INSTRUCTIONS FOR THE TASK:
Word for word, retype the lines from the one containing "Figure 3: CLT participants in Oecusse" to the one containing "Hundreds of tourists" below, keeping both end lines and dropping the pictures.

MATERIAL SUPPLIED:

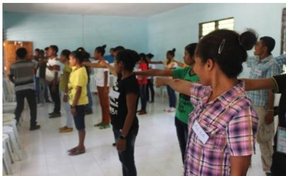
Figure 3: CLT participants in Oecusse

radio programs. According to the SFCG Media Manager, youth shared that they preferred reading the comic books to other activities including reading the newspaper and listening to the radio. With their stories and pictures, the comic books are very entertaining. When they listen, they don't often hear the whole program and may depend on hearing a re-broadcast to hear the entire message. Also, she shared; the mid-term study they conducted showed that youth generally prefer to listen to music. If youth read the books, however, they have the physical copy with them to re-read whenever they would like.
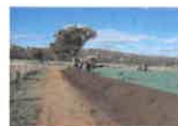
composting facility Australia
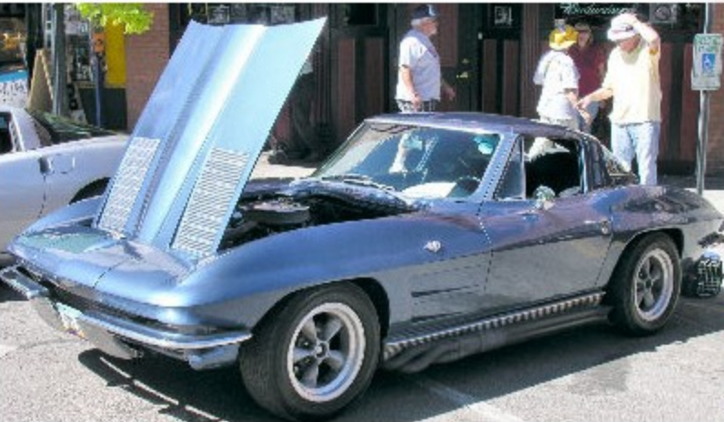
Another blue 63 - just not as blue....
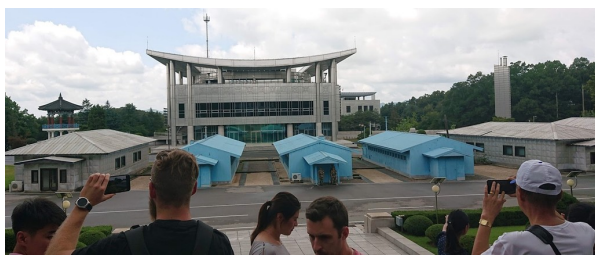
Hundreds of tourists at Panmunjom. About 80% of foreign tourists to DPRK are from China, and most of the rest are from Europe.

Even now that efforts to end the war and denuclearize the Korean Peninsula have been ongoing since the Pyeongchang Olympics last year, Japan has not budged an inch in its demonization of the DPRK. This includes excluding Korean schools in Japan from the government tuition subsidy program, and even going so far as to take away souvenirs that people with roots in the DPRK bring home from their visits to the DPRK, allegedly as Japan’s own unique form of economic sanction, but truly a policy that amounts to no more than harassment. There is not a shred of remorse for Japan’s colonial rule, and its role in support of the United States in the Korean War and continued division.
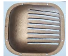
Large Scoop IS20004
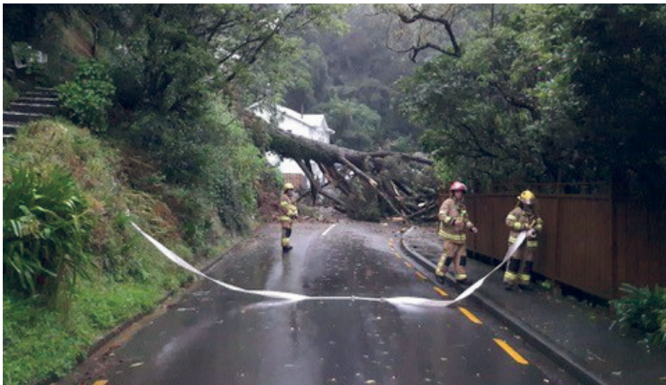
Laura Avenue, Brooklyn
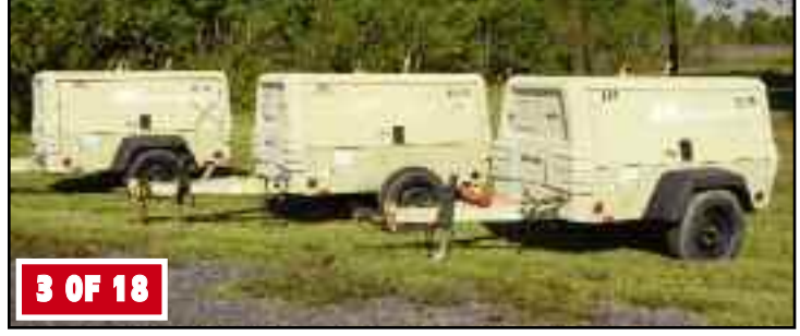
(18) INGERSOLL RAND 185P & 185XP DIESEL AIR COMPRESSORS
* * *
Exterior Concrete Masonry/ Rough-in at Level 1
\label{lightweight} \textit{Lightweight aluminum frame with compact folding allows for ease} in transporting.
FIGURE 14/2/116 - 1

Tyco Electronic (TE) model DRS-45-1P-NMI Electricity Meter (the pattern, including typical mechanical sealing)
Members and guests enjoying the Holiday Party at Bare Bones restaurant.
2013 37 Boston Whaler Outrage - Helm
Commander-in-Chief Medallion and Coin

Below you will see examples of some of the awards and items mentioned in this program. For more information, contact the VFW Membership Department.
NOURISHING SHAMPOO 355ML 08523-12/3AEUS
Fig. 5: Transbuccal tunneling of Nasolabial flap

TASK RESULT:
Figure 3: CLT participants in Oecusse

radio programs. According to the SFCG Media Manager, youth shared that they preferred reading the comic books to other activities including reading the newspaper and listening to the radio. With their stories and pictures, the comic books are very entertaining. When they listen, they don't often hear the whole program and may depend on hearing a re-broadcast to hear the entire message. Also, she shared; the mid-term study they conducted showed that youth generally prefer to listen to music. If youth read the books, however, they have the physical copy with them to re-read whenever they would like.
composting facility Australia
Another blue 63 - just not as blue....
Hundreds of tourists at Panmunjom. About 80% of foreign tourists to DPRK are from China, and most of the rest are from Europe.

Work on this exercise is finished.